Woody Allen’s Sleeper Woody Allen’s Sleeper
“Sleeper” is a film, which at first glance, appears to be about nothing but making people laugh, but when examined more closely might appear to be a commentary on politics, consumerism and even love. This film is supposed to be Woody Allen’s take on a modern silent film, and there are definitely similarities to the silent film classics of Buster Keaton and Charlie Chaplin, most notably the physical humor that defined the slapstick sub-genre of comedy.

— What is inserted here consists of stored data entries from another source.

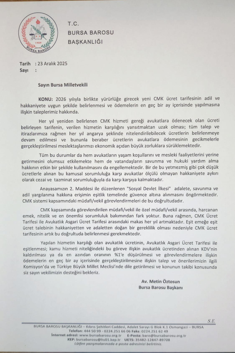 Bursa Barosu, 2026 yılıyla birlikte yürürlüğe girecek yeni CMK ücret tarifesinin adil ve hakkaniyete uygun şekilde belirlenmesi ve ödemelerin en geç bir ay içerisinde yapılmasına ilişkin talepleri içeren mektubu Bursa milletvekillerine gönderdi.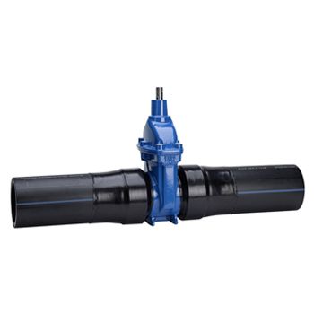Válvula de cunha com extremidades de PE100 SDR11 PN16. Para água potável e líquidos neutros.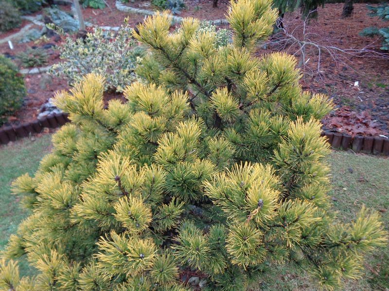 Sosna Gold Coin,pod wpływem mrozu wybarwiła się na żółto.
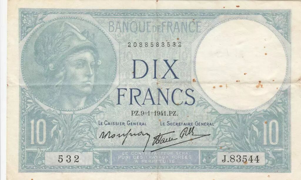 Accueil > Archivage > France 10 Francs Minerve - 09-01-1941 - Série J.83544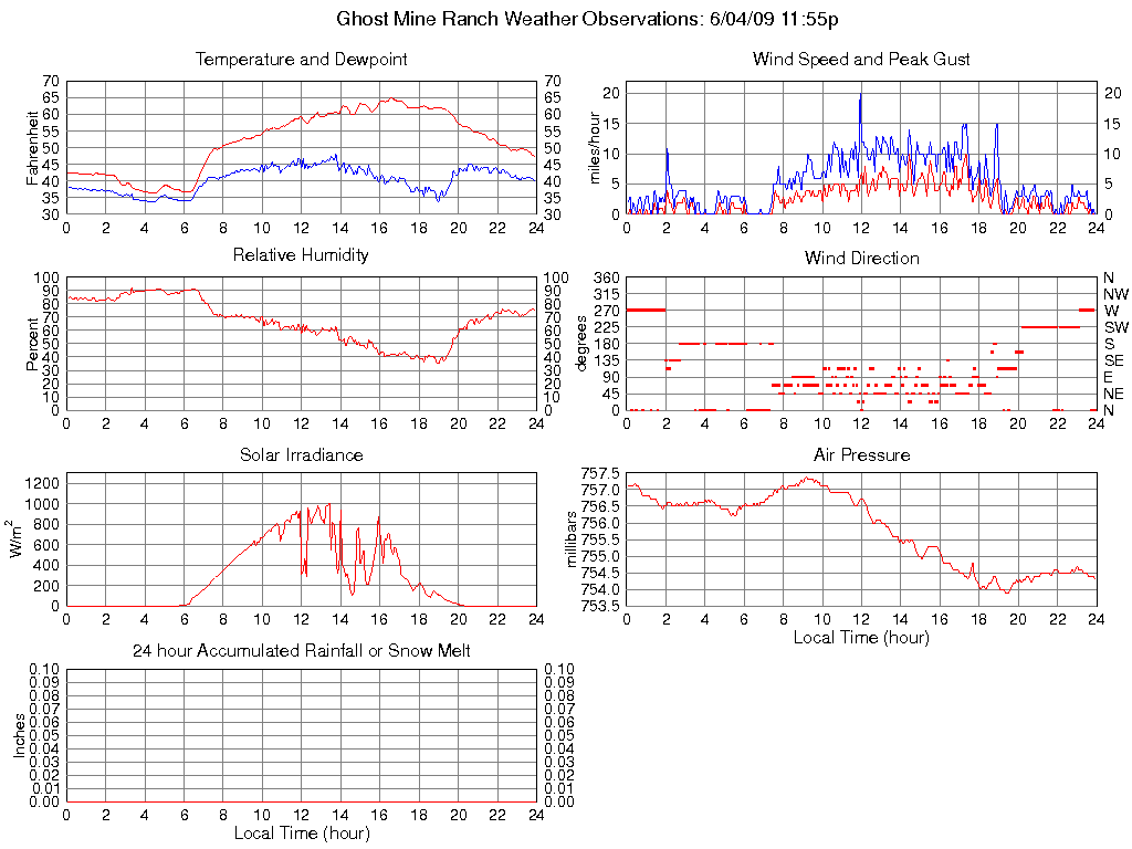 Temperature (F) 47.5 36.5 @ 04:25 65.1 @ 16:35 51.9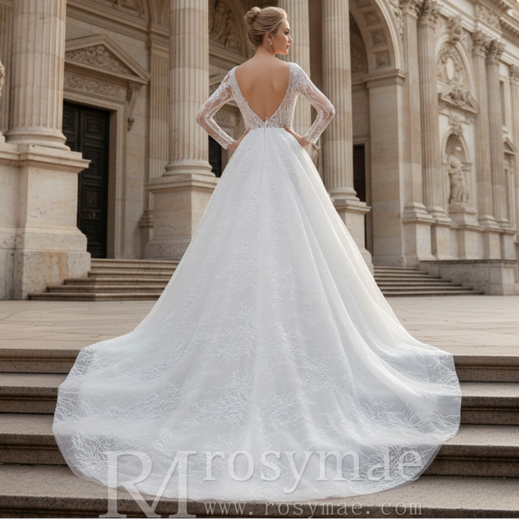 Conçue pour la mariée rêvant d'un conte de fées, cette somptueuse robe de bal allie sophistication classique et glamour moderne. Les manches longues offrent une élégante couvrance tandis que le corsage semi-transparent dévoile de délicates broderies de perles et des applications de dentelle qui captent magnifiquement la lumière tout au long de la cérémonie. La jupe volumineuse crée une silhouette spectaculaire, sublimée en photo, tandis que la traîne de longueur chapelle est ornée de détails en dentelle vaporeuse qui ajoutent mouvement et romantisme à chaque pas. Cette robe marie avec élégance ornementation et confection raffinée, ce qui en fait un choix idéal pour les cérémonies formelles et les lieux prestigieux. La combinaison d'un corsage structuré et d'une traîne fluide assure confort et allure spectaculaire pour votre entrée dans l'église.

Scenes like those with the giant produce or the awakening of Woody Allen’s character, Miles Monroe are absolute gems and caused me to laugh hysterically the first time I saw them. They also appear to only exist for the sole purpose of making the viewer laugh. If the main character in a film only believes in “sex and death” does that imply that the main point of the film is also sex and death? At first glance, the slapstick nature of the film appears to support part of this claim as the futuristic society in which Miles has woken up appears to be obsessed with ways of increasing pleasure- both emotionally and sexually.
We see a glimpse of this culture during the dinner party hosted by Luna in which the Orgasmatron and the Orb are introduced for the first time. The scene in which Miles is acting like a robot and trying to pass around the orb, but only drugging himself is hilarious and the introduction of the Orgasmatron is absolutely ridiculous since Luna says, “I think we should have had sex, but there weren’t enough people. ” Suddenly, sex is something that appears overly complicated and has been replaced by machines.
One of the two things that Miles believes in has been replaced by machines and technology. In fact, I argue that the other thing he believes in – death- has also been replaced by machines and technology. Miles has been cryogenically frozen for 200 years- obviously he should have been dead by now. Instead, technology has taken away the other thing he believes in. So what then, does Miles and consequently the film believe in? Obviously the future, in which Miles has found himself in, is run by a Totalitarian government led by a dictator whom he spends a large majority of he film trying to overthrow. Is the film a political commentary then? Certainly, Woody Allen spends a lot of time highlighting the police force and the rebel faction which has formed against the government. He even manages to throw in a few quips regarding the politics of 1973 America. We see the absolute uselessness of said police force and we hear Miles comment on how the rebels will simply replace the existing government in a cyclic fashion. But there still isn’t enough. Even the romance between Miles and Luna seems to be empty and almost like an afterthought.
I just don’t think that there is enough substance to qualify this as a political film, a commentary on consumerism or even a romance story. In the end, I argue that maybe this movie isn’t really about anything at all. Maybe it is simply a funny film that highlights screwball comedy and has some of the elements of a science fiction movie. Whether or not it is a movie with a deeper message, “Sleeper” is still a movie that I thoroughly enjoyed and a great introduction to Woody Allen.